┌─ Supplied data

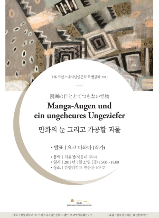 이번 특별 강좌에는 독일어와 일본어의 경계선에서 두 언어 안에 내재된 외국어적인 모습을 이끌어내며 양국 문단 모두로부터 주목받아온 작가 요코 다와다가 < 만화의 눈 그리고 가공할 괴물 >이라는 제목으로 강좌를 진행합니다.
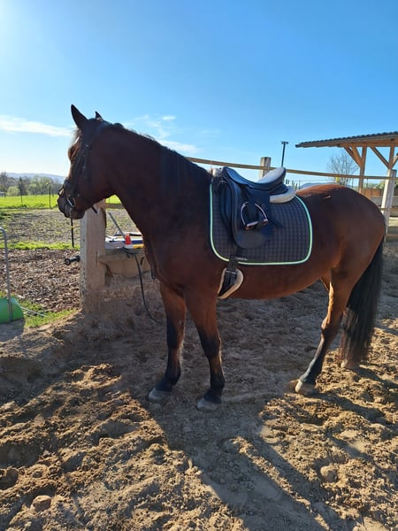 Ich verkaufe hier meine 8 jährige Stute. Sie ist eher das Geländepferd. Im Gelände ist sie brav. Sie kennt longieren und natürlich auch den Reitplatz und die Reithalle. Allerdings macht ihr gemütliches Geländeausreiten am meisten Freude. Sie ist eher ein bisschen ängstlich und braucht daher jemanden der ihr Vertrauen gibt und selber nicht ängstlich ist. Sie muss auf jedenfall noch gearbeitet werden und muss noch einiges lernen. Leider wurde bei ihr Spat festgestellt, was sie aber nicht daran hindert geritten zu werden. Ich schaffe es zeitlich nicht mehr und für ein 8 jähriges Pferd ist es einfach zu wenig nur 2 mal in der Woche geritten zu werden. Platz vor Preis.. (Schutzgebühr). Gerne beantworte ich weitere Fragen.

└─
┌─ Supplied data

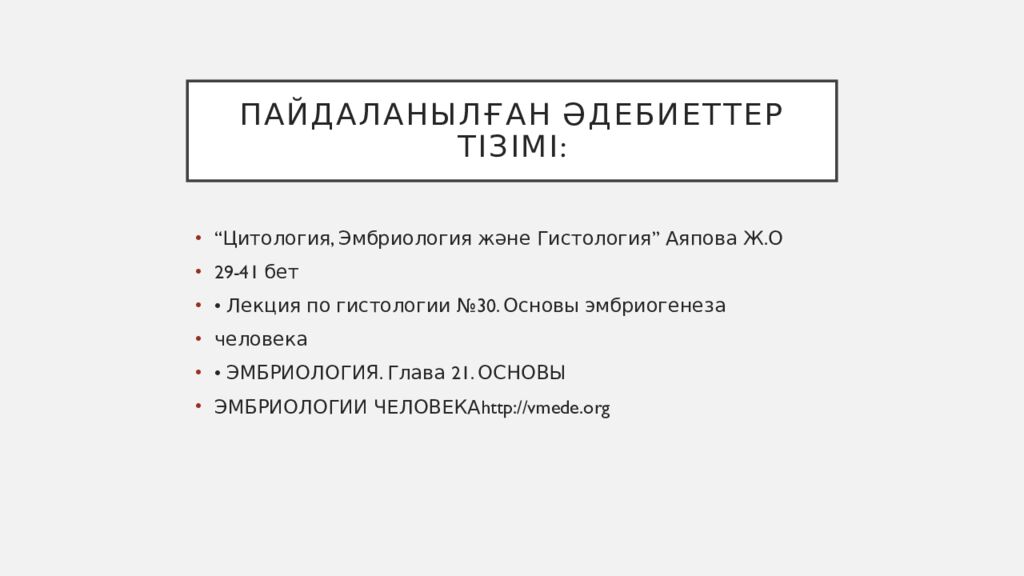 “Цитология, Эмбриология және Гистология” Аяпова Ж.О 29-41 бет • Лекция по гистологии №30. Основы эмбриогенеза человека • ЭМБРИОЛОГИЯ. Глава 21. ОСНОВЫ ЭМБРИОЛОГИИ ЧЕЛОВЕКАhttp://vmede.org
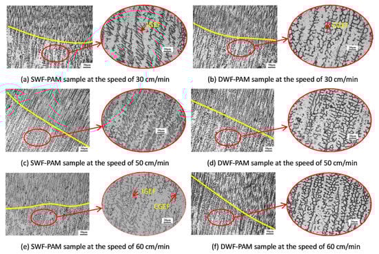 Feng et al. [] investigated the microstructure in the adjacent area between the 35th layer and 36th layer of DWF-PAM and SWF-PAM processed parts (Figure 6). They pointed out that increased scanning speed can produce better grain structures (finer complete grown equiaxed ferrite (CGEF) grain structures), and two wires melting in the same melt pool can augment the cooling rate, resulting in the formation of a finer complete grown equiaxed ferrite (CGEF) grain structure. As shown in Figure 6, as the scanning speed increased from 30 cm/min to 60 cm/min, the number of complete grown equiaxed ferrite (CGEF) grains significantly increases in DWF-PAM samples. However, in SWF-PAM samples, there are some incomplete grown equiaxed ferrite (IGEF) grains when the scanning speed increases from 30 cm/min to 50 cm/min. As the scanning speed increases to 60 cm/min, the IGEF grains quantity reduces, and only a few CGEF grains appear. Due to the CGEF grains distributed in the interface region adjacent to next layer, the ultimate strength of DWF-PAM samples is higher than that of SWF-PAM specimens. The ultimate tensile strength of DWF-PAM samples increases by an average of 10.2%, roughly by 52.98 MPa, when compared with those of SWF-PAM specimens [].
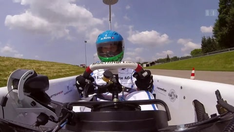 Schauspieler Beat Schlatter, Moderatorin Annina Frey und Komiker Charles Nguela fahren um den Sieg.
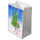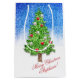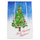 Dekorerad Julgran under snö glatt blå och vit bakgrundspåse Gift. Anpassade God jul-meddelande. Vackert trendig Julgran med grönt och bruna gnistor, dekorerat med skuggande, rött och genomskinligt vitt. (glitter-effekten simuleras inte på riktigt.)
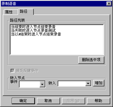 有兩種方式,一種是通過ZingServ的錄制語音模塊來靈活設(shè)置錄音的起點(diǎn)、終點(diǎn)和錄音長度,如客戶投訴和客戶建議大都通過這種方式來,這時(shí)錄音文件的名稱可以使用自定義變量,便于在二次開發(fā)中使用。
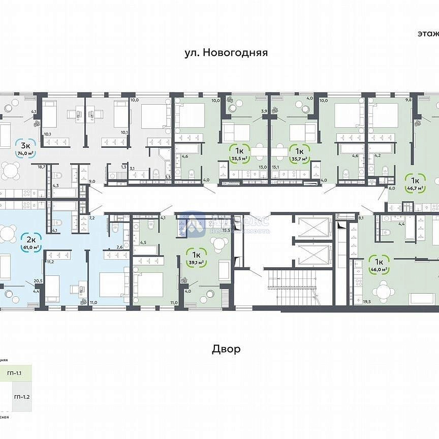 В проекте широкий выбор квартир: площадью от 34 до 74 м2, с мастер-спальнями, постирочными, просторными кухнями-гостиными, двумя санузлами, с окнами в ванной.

└─
┌─ Supplied data

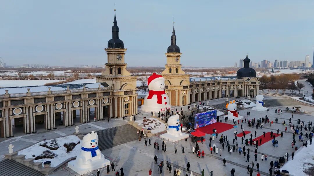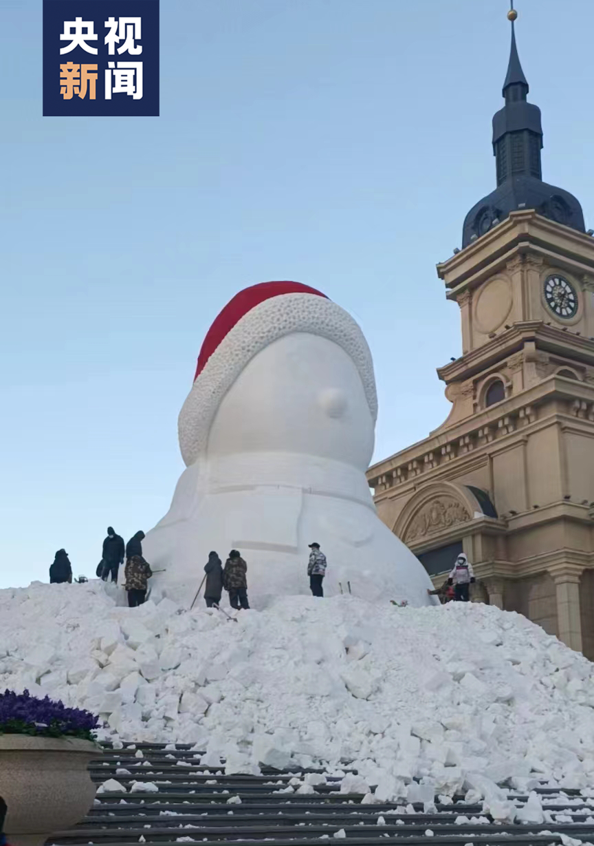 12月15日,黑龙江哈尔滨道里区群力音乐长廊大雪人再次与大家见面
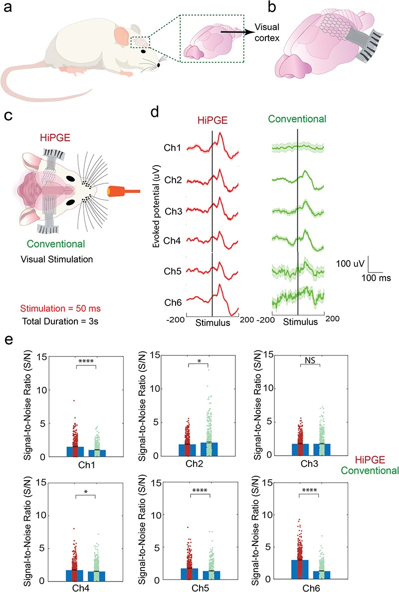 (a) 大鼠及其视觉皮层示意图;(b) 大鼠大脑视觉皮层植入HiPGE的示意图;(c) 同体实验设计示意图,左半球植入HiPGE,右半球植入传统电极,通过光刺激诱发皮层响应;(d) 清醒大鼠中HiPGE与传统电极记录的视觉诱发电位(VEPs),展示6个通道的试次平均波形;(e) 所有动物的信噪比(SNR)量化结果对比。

└─

### Requirement
Output exactly those lines of the data above that run from the line with "Schauspieler Beat Schlatter, Moderatorin" up to and including the line with "В проекте широкий". No pictures go in.

### Worked solution
 Schauspieler Beat Schlatter, Moderatorin Annina Frey und Komiker Charles Nguela fahren um den Sieg.
 Dekorerad Julgran under snö glatt blå och vit bakgrundspåse Gift. Anpassade God jul-meddelande. Vackert trendig Julgran med grönt och bruna gnistor, dekorerat med skuggande, rött och genomskinligt vitt. (glitter-effekten simuleras inte på riktigt.)
 有兩種方式,一種是通過ZingServ的錄制語音模塊來靈活設(shè)置錄音的起點(diǎn)、終點(diǎn)和錄音長度,如客戶投訴和客戶建議大都通過這種方式來,這時(shí)錄音文件的名稱可以使用自定義變量,便于在二次開發(fā)中使用。
 В проекте широкий выбор квартир: площадью от 34 до 74 м2, с мастер-спальнями, постирочными, просторными кухнями-гостиными, двумя санузлами, с окнами в ванной.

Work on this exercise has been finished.